# Help identifying a hymn/poem verse



## JonathanHunt (Oct 14, 2010)

I have just been listening to Pastor Bilkes' closing sermon in his ministry at the Free Reformed Church, Grand Rapids.

In it, he closes quoting this lovely verse. I cannot find it anywhere online. Can anyone identify where or whence it cometh?

_Enter the doors which to you God is giving
Few are your days and the time rushes on
What would you say will be left of your living?
- Only whate'er out of love you have done
Nothing abideth, nothing abideth
Life and its beauty will wither away
But what was done out of love for the Saviour
That lasts forever, its memory will stay_

Anyone?


----------



## coramdeo (Oct 14, 2010)

try..........Hymnlyrics.org Hymn Center


----------



## JonathanHunt (Oct 14, 2010)

I have googled extensively. Hymnlyrics doesn't appear to have it.


----------



## LawrenceU (Oct 14, 2010)

I don't remember where, but I know I have heard it. I will try and find it.


----------



## JonathanHunt (Oct 15, 2010)

bumpity bump bump!


----------



## JonathanHunt (Oct 16, 2010)

Oh COME ON PEOPLE! One of you MUST know!

I can almost hear the Dread Pirate Roberts saying to me: 'get used to disappointment'...


----------



## JBaldwin (Oct 17, 2010)

This sounds like a second, third or fourth verse/stanza which is why, I suspect, you are not finding it. I dug through my fairly large hymnal collection and could not find it.


----------



## Contra_Mundum (Oct 17, 2010)

The meter would fit with the tune "Faithfulness" 11.10.11.10.ref (Great Is Thy Faithfulness). And the sentiment follows somewhat the theme.

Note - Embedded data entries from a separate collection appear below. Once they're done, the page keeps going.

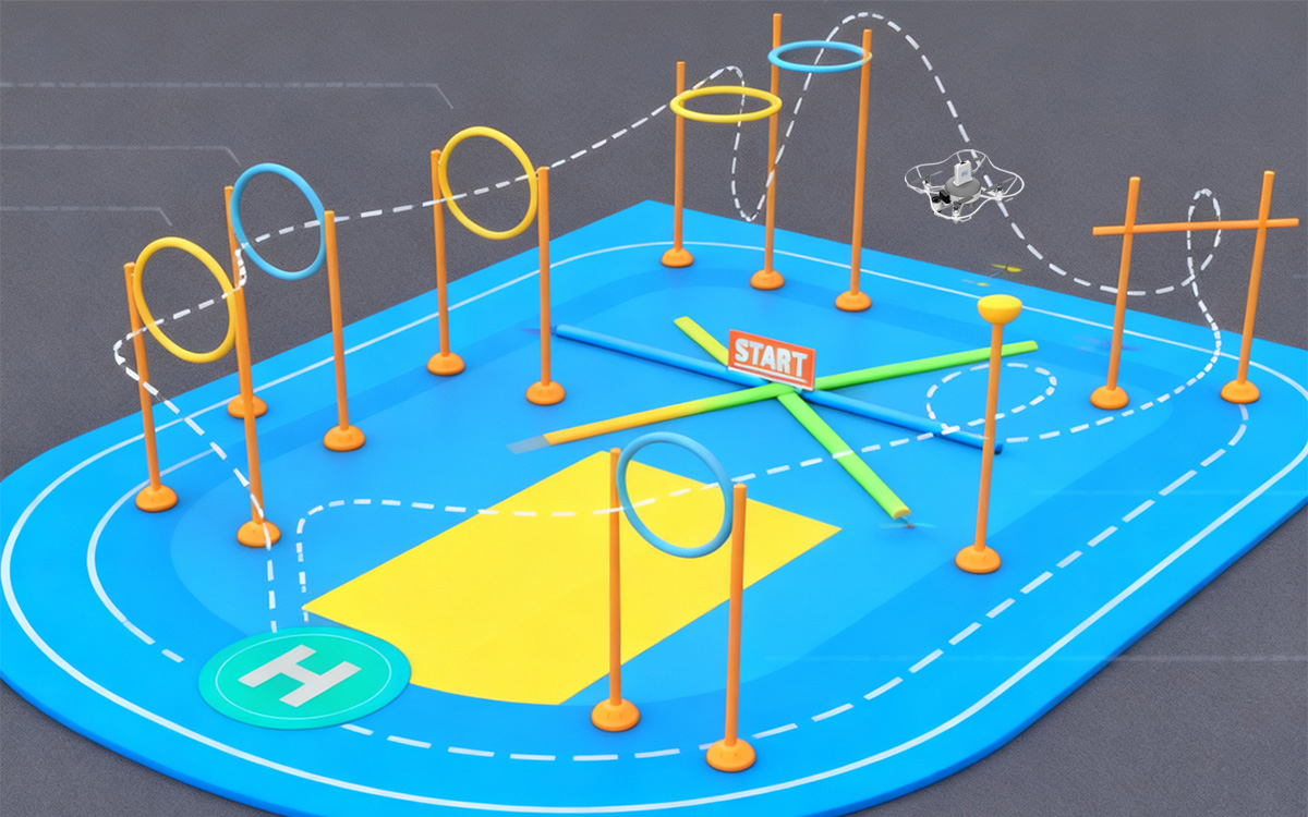 参赛选手在指定区域内控制无人机起飞、完成个人飞行赛道任务并降落至起降区。比赛过程中根据飞行表现进行加分或扣分,最终以总得分高者名次靠前;若得分相同,则以用时较短者为优胜。每位选手飞行两次,取最好成绩计入排名。
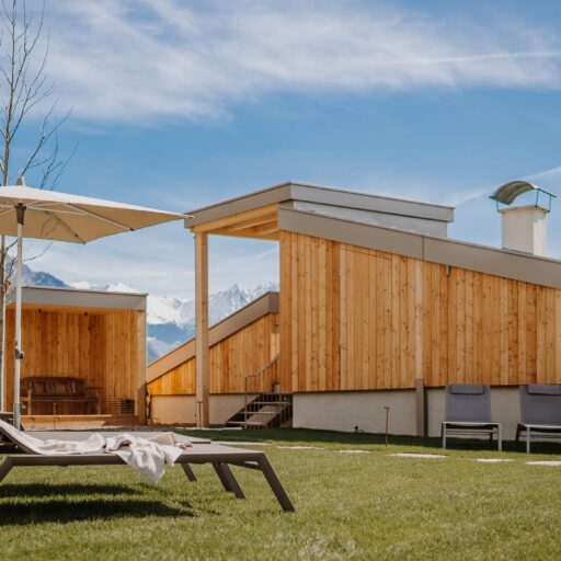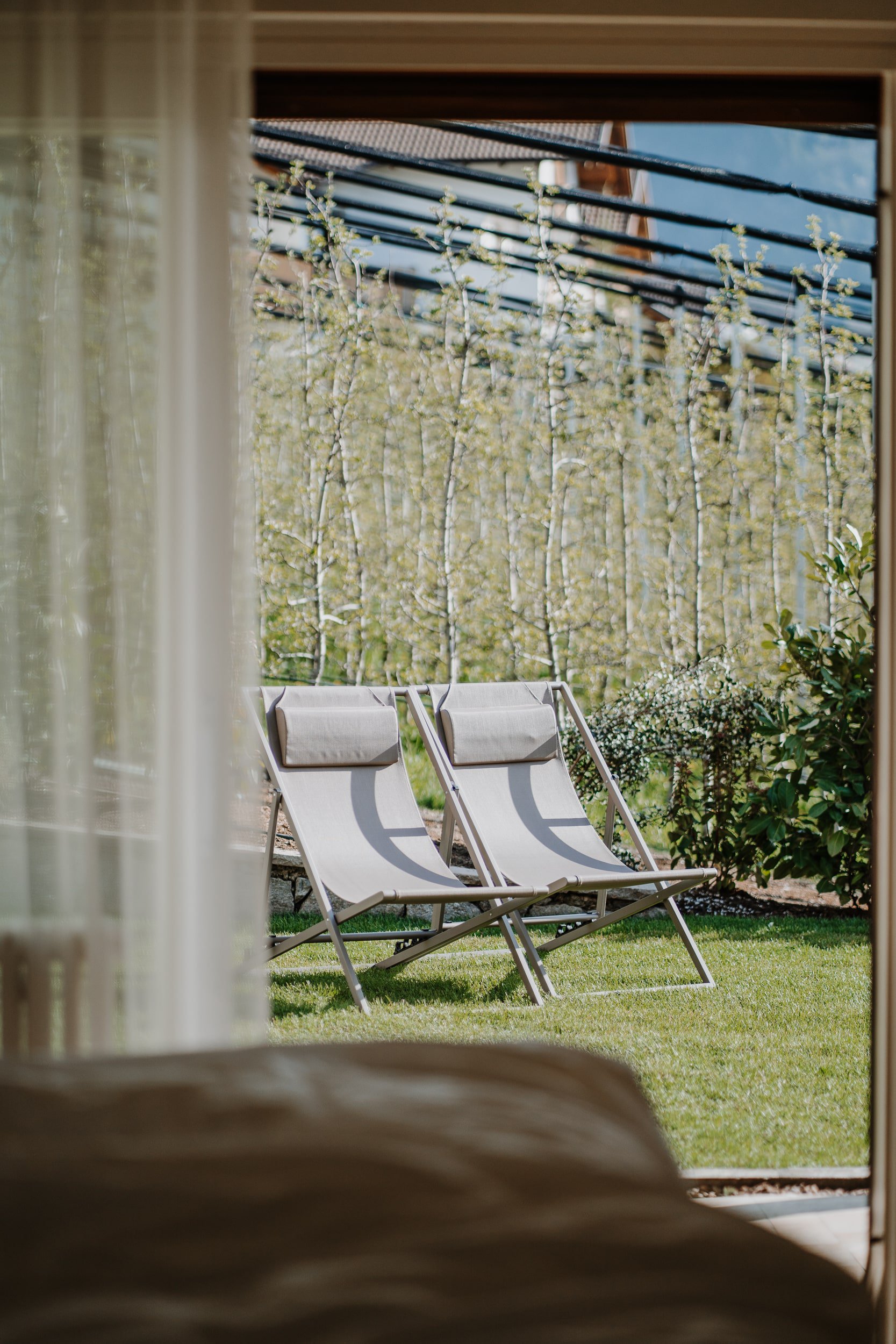 • von den großzügigen Balkonen, Terrassen oder den Sonnenliegen am Pool die faszinierende Kulisse inmitten von Apfelhainen und Bergpanorama zu genießen
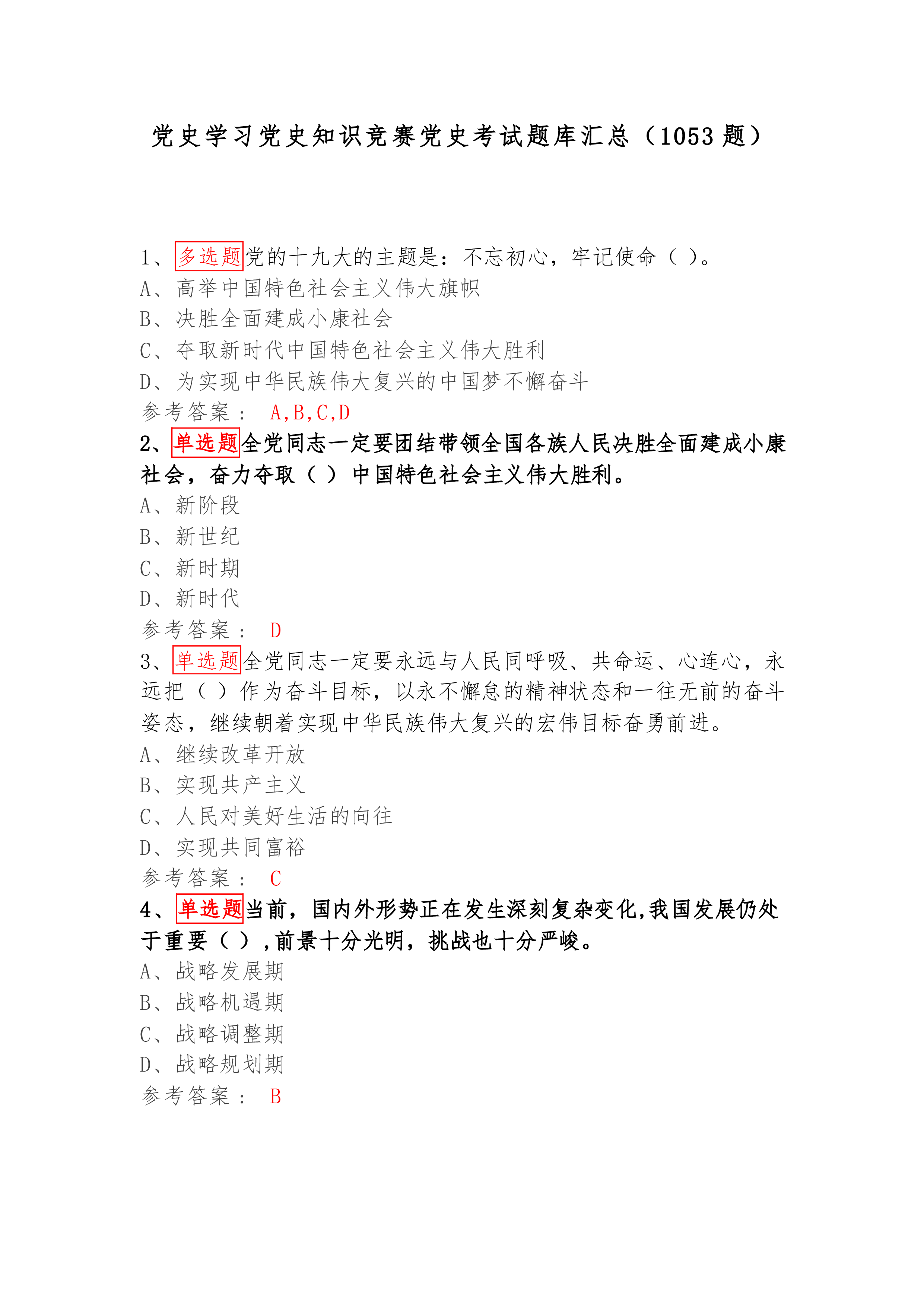 党史学习党史知识竞赛党史考试题库汇总(1053题)1、多选题党的十九大的主题是:不忘初心,牢记使命()。A、高举中国特色社会主义伟大旗帜B、决胜全面建成小康社会C、夺取新时代中国特色社会主义伟大胜利D、为实现中华民族伟大复兴的中国梦不懈奋斗参考答案:A,B,C,D2、单选题全党同志一定要团结带领全国各族人民决胜全面建成小康社会,奋力夺取()中国特色社会主义伟大胜利。A、新阶段B、新世纪C、新时期D、新时代参考答案:D3、单选题全党同志一定要永远与人民同呼吸、共命运、心连心,永远把()作为奋斗目标,以永不懈怠的精神状态和一往无前的奋斗姿态,继续朝着实现中华民族伟大复兴的宏伟目标奋勇前进。A、继续...
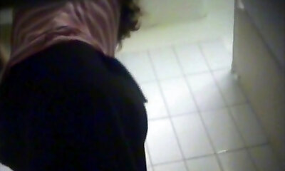 A milf is putting on a yellow striped bathing suit in the swimming pool switching room
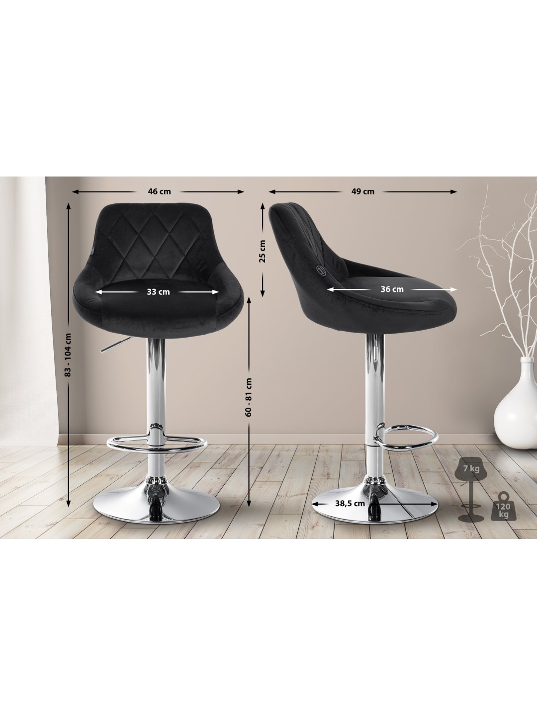 Este taburete impresiona por su diseño elegante. El asiento está tapizado con tela de terciopelo y tiene laboriosas costuras decorativas. Utilizando el elevador de gas, este modelo se puede ajustar infinitamente a la altura deseada, lo que lo hace ideal para cualquier altura de mostrador. El reposapiés, que garantiza un excelente confort al sentarse, se puede ajustar en sincronía con la altura del asiento. El asiento se puede girar 360° con el reposapiés. La estructura está hecha de metal, hay protectores de piso debajo de la base de trompeta que evitan que el piso se raye.
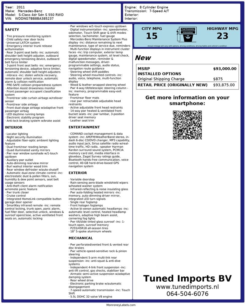 Etichetta originale della finestra e datacard Mercedes-Benz presenti
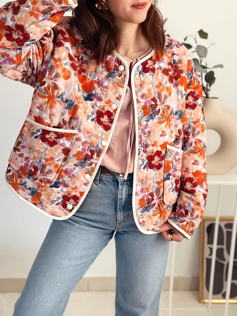 European and American Style Women's 2025 Retro Print Round Neck Single-Breasted Loose Casual Cotton Jacket with Pockets
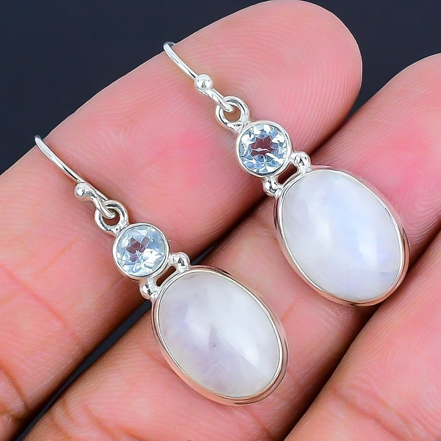 Rainbow Moonstone Gemstone Sterling Silver Mother Drop Dangle Earrings Jewelry

I wonder, the thought sounds a bit more modern to me, especially that last part that echoes that bit:
"Only one life, 'twil soon be past/ Only what's done for Christ will last."

So, I'm going to take a *guess*, and say that its a new line, attributable to who knows, but a recent "fourth verse" or some such, added on to "Great Is Thy Faithfulness."


----------



## JennyG (Oct 18, 2010)

Contra_Mundum said:


> So, I'm going to take a *guess*, and say that its a new line, attributable to who knows, but a recent "fourth verse" or some such, added on to "Great Is Thy Faithfulness."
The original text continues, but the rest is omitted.